▸ **What the task asks**: The only acceptable reply is the number of lines in the material below that hold "young".

▸ **Records for the exercise**:
──────────────────────────────

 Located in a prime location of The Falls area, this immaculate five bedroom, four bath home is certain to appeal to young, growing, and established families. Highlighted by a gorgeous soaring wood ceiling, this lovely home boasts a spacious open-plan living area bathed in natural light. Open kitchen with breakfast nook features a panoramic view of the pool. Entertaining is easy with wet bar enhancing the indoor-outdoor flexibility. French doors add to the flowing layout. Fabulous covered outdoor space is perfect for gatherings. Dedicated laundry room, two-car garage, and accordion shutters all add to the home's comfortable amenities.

──────────────────────────────

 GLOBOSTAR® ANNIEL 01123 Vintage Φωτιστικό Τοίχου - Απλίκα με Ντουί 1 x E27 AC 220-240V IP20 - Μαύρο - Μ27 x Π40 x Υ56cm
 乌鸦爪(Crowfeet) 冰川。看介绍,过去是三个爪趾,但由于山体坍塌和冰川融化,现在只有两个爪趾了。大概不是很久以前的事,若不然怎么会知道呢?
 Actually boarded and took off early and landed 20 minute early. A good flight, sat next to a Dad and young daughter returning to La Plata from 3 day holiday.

──────────────────────────────

▸ **Expected output**: 2